The NPU is one of the hottest technologies
in the handset industry this year. Apple A11 Bionic, Huawei Unicorn 970, and
the Image Processing Unit (IPU) inside Google Pixel 2 are typical examples. After
equipped with NPU, the common point is that the phone has a learning ability,
if slightly more complicated, that is, with the number of product algorithm and
matrix multiplication, etc., the rapid implementation of complex calculations
of mathematical functions. Then what presented to the user, of course, is
faster, smarter mobile experience.
Of course, the integration of a single NPU,
cell phone circuit design is more complicated, which is why only high-end
mobile phones will be integrated with NPU. Although machine learning is the
only way to intelligent hardware, some media think that machine learning does
not necessarily require the phone's built-in NPU to achieve. ARM released the Cortex-A75
and A55 CPUs and Mali-G72 GPU designs earlier this year, all with more advanced
machine learning algorithms, but not through the NPU.

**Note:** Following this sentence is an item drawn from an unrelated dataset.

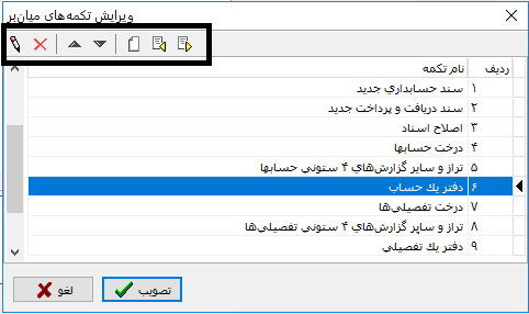 برای افزودن تکمه‌ی میان‌بر جدید ، یکی از آیتم‌های منو را Drag میکنیم و در نوار عمودی تکمه‌های میان‌بر Drop  میکنیم. عنوان و تصویر آیتم منو هم در تکمه‌ی میان‌بر منعکس می‌شود. (مانند آیتم عملیات بچ کالا در تصویر زیر)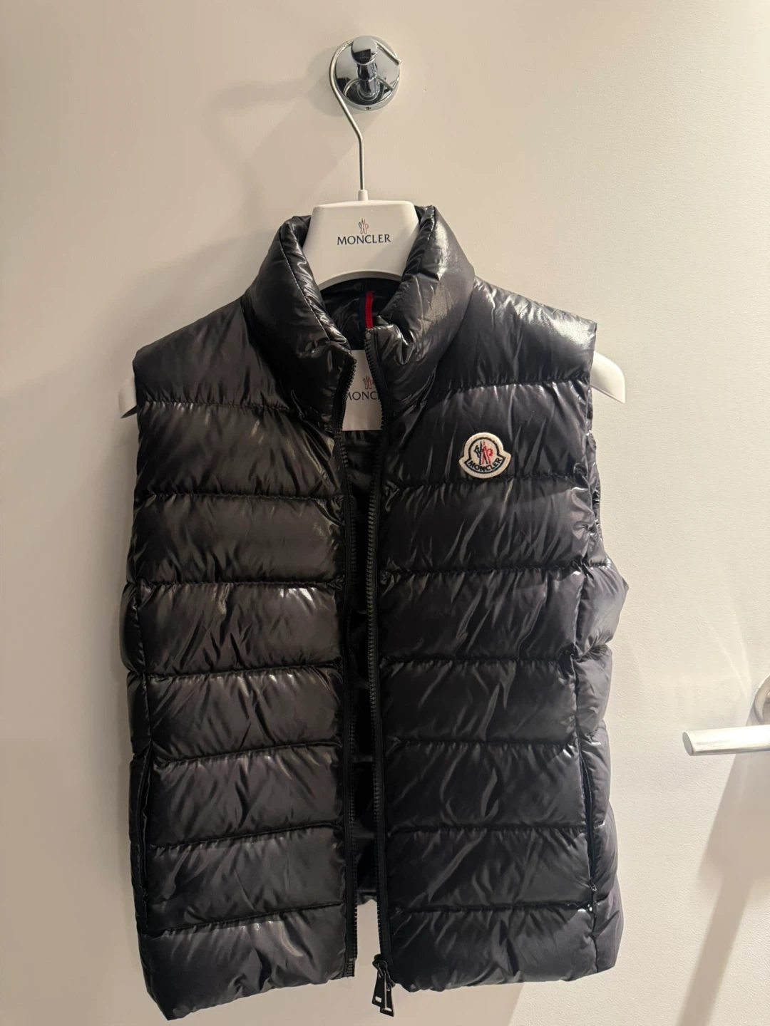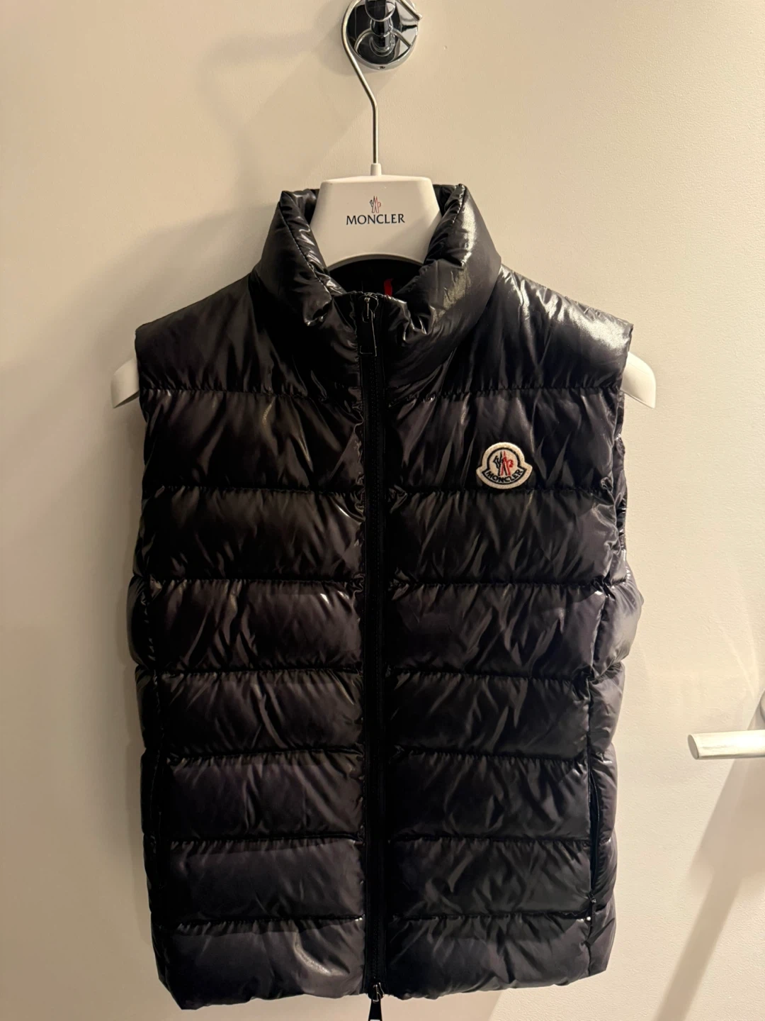 Selling a Moncler black padded down vest.

NPU (Neural Processing Unit) has not been
well-known, but it is a hot technology in the field of chips. In contrast to
CPU processors in the von Neumann architecture, it uses a disruptive new
architecture called "Data Driven Parallel Computing." If regard the
Von Neumann architecture handles data as a single lane, then Data-Driven
Parallel Computing is a 128-lane multi-lane parallel that can process up to 128
data at a time, making it easy to handle large amounts of multimedia data in
video and image formats.
The
real performance of Huawei mate10NPU
Unicorn 970 is Huawei's first artificial
intelligence mobile computing platform, is also the world's first independent
AI artificial intelligence NPU neural network processing unit chip, using the
innovative HiAI mobile computing architecture.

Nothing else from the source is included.